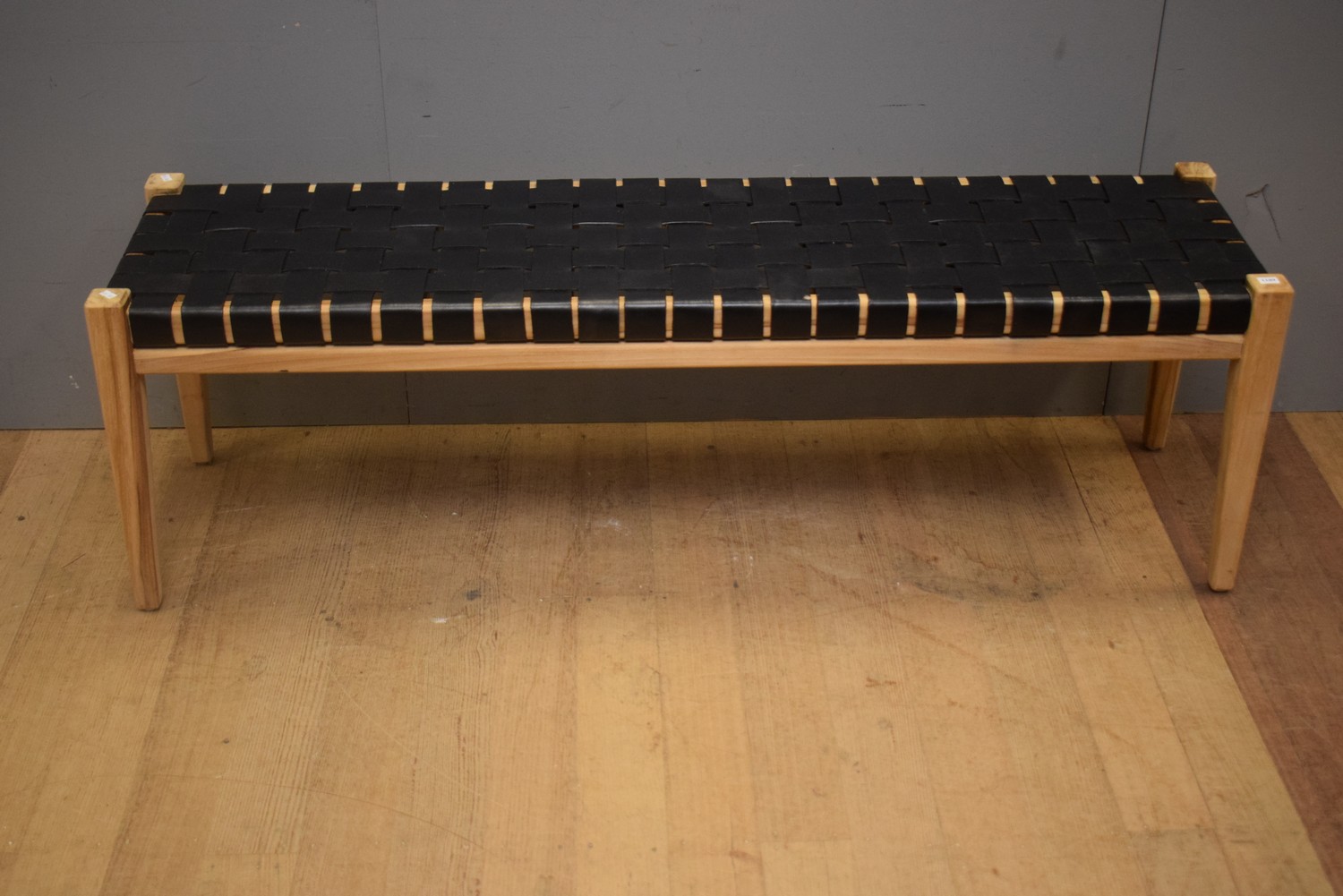 A TEAK AND LEATHER WEAVE BENCH (48H X 150W X 40D CM)
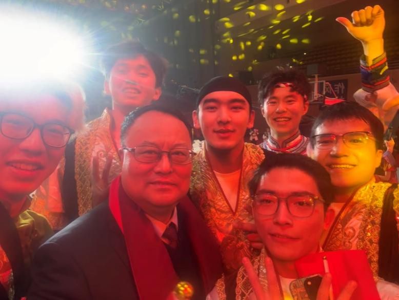 演出期间,校长宋保维也来到现场观看演出,并在晚会结束后与参演同学们亲切合影,勉励大家在新的一年里继续以昂扬向上的精神风貌展现当代大学生的风采。
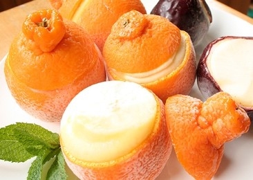 熊本 アイスクリーム専門工房 ついんスターのデコポンを余すことなく使用したアイス。サクサクのシャーベットとミルキーなアイスの2つの味を楽しむことができます。
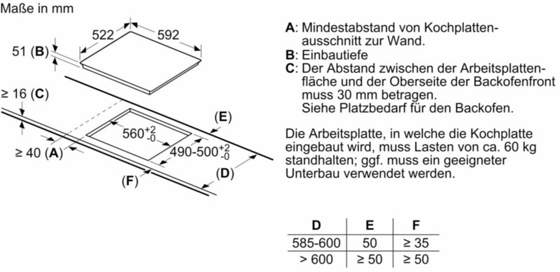 Минимальная толщина встраивания в столешницу 30 мм
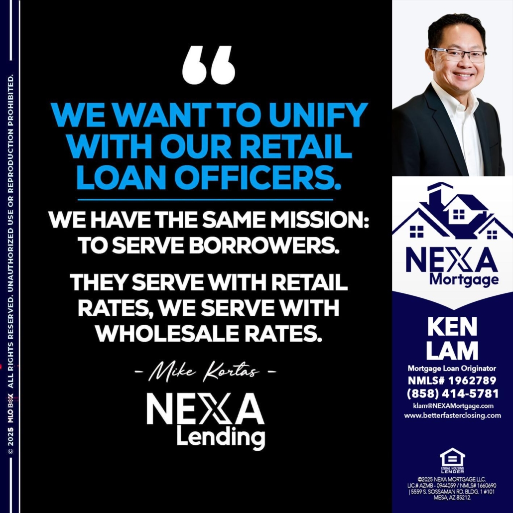 Hi, my name is Ken Lam. I’m a Loan Officer with NEXA Mortgage LLC., offering personalized mortgage solutions, fast customized quotes, great rates and service with integrity.
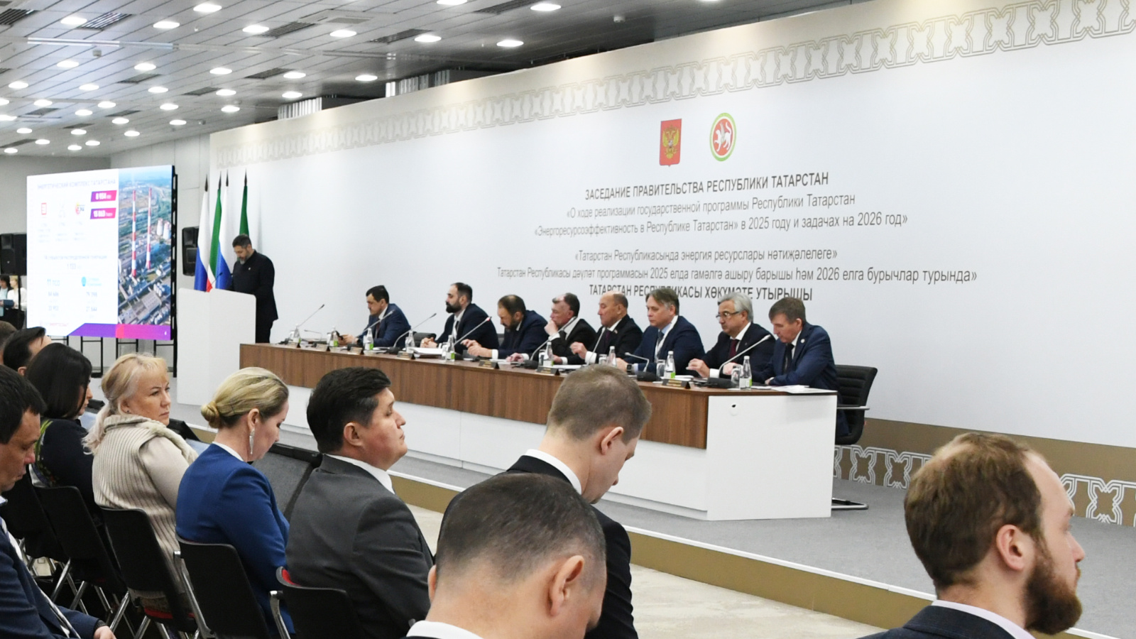 Бүген «Казан Экспо» ХКҮ мәйданчыгында энергия ресурсларының нәтиҗәлелеге мәсьәләләре буенча Татарстан Республикасы Министрлар Кабинеты утырышы узды. Утырышны Татарстан Премьер-министры Алексей Песошин уздырды. Төп тема - 2025 елда «Татарстан Республикасында энергия ресурсларының нәтиҗәлелеге» Татарстан Республикасы дәүләт программасын гамәлгә ашыруның барышы һәм 2026 елга бурычлар турында.
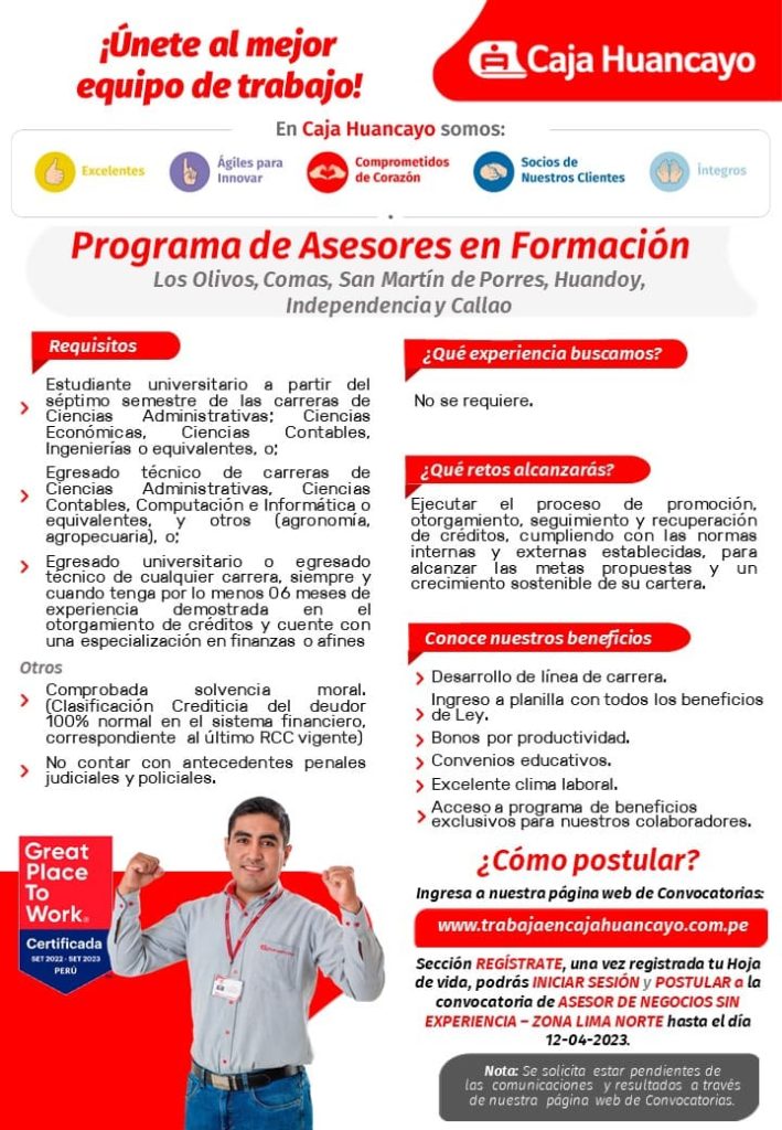 La empresa CAJA HUANCAYO publicó su Convocatoria del PROGRAMA ASESORES DE NEGOCIOS, dirigido a estudiantes y egresados de las siguientes carreras:
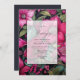 Invitación Fucsia Glamuroso, Verde Esmeralda y Floral Negro
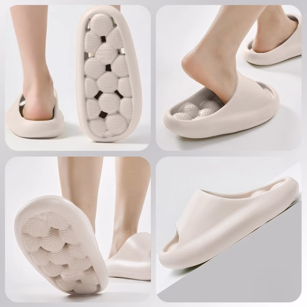 Ik vind het lekker hoe de bobbeltjes onder mijn hielen aanvoelen als ik loop. Ze houden me veilig en comfortabel, zelfs op gladde vloeren.
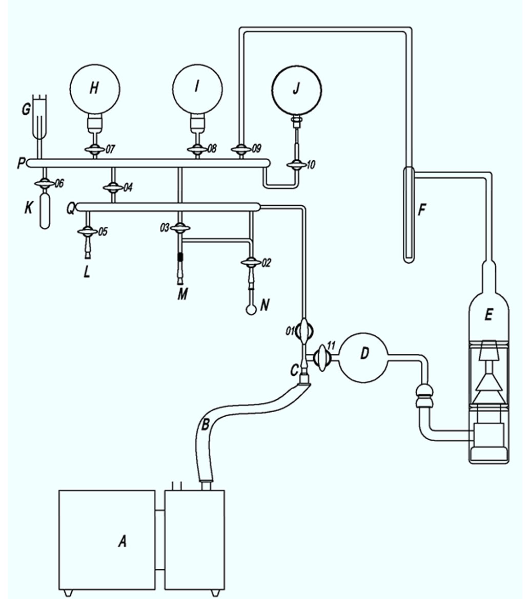 該系統(tǒng)包括由機(jī)械真空泵A,真空波紋管B,可伐KF接頭C,緩沖球D,組成一級真空泵,用于抽取低真空段,該部分真空可以抽取到1.0Pa;玻璃擴(kuò)散泵E,用于提升真空度,提升真空度到10-2-10-3Pa,此為二級真空泵,液氮冷阱F,用于冷卻系統(tǒng)中雜質(zhì)氣體,也有利于幫助提高真空度;真空規(guī)管G和精密真空表J,分別用于測量系統(tǒng)的高真空度及低真空度;玻璃球瓶H、I為儲氣瓶,用于儲存?zhèn)溆眉兓玫臍怏w;玻璃管P為高真空部,為工作玻璃管,為該系統(tǒng)的核心部分;玻璃管Q為低真空部,用于連接測試樣品池M,進(jìn)氣接口L,為工作管P服務(wù),并實(shí)現(xiàn)高低真空的轉(zhuǎn)換;玻璃制備瓶K,用于氣體的純化與制備;制備安瓶N,用于液體的純化與制備;該系統(tǒng)全部采用玻璃真空閥門,更好的保證了氣密性,02,03為三通玻璃真空閥門(詳圖2),01、04、05、06、07、08、09、10、11為二通玻璃真空閥門(詳圖3)。
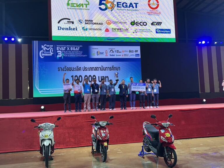 รางวัลชนะเลิศ การแข่งขันรถจักรยานยนต์ไฟฟ้าดัดแปลงเพื่อธุรกิจแห่งอนาคต ครั้งที่ 33rd EVAT x EGAT Electric Motorcycle Conversion Contest for Business Opportunity
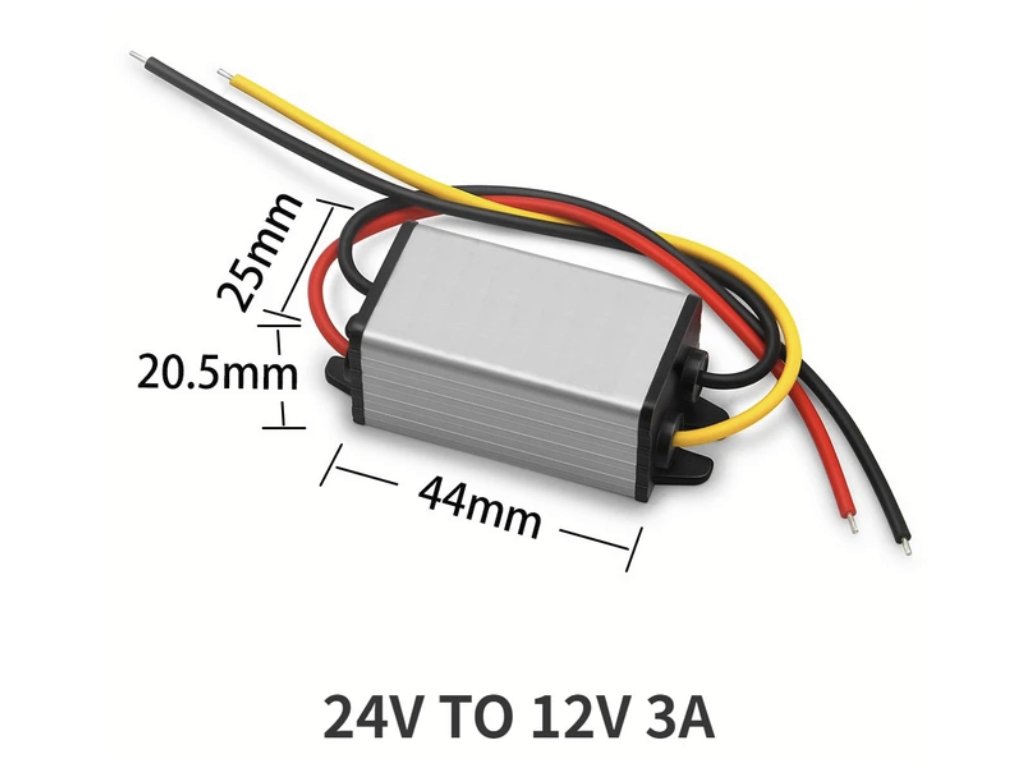 Vstupní napětí: 24V (s možností vstupu od 15V do 40V) Výstupní napětí: 12V Maximální proud: 3A (což odpovídá 36W výkonu) Účinnost konverze: 90% Teplotní odolnost při plném zatížení: 50 stupňů CelsiaDoplňkové parametry

**Brief:** Your reply should hold only the lines from the one that contains "Invitación Fucsia Glamuroso, Verde" through the last line of the records above, exact and complete, and no pictures.

**The completed task:**
 Invitación Fucsia Glamuroso, Verde Esmeralda y Floral Negro
 Ik vind het lekker hoe de bobbeltjes onder mijn hielen aanvoelen als ik loop. Ze houden me veilig en comfortabel, zelfs op gladde vloeren.
 該系統(tǒng)包括由機(jī)械真空泵A,真空波紋管B,可伐KF接頭C,緩沖球D,組成一級真空泵,用于抽取低真空段,該部分真空可以抽取到1.0Pa;玻璃擴(kuò)散泵E,用于提升真空度,提升真空度到10-2-10-3Pa,此為二級真空泵,液氮冷阱F,用于冷卻系統(tǒng)中雜質(zhì)氣體,也有利于幫助提高真空度;真空規(guī)管G和精密真空表J,分別用于測量系統(tǒng)的高真空度及低真空度;玻璃球瓶H、I為儲氣瓶,用于儲存?zhèn)溆眉兓玫臍怏w;玻璃管P為高真空部,為工作玻璃管,為該系統(tǒng)的核心部分;玻璃管Q為低真空部,用于連接測試樣品池M,進(jìn)氣接口L,為工作管P服務(wù),并實(shí)現(xiàn)高低真空的轉(zhuǎn)換;玻璃制備瓶K,用于氣體的純化與制備;制備安瓶N,用于液體的純化與制備;該系統(tǒng)全部采用玻璃真空閥門,更好的保證了氣密性,02,03為三通玻璃真空閥門(詳圖2),01、04、05、06、07、08、09、10、11為二通玻璃真空閥門(詳圖3)。
 รางวัลชนะเลิศ การแข่งขันรถจักรยานยนต์ไฟฟ้าดัดแปลงเพื่อธุรกิจแห่งอนาคต ครั้งที่ 33rd EVAT x EGAT Electric Motorcycle Conversion Contest for Business Opportunity
 Vstupní napětí: 24V (s možností vstupu od 15V do 40V) Výstupní napětí: 12V Maximální proud: 3A (což odpovídá 36W výkonu) Účinnost konverze: 90% Teplotní odolnost při plném zatížení: 50 stupňů CelsiaDoplňkové parametry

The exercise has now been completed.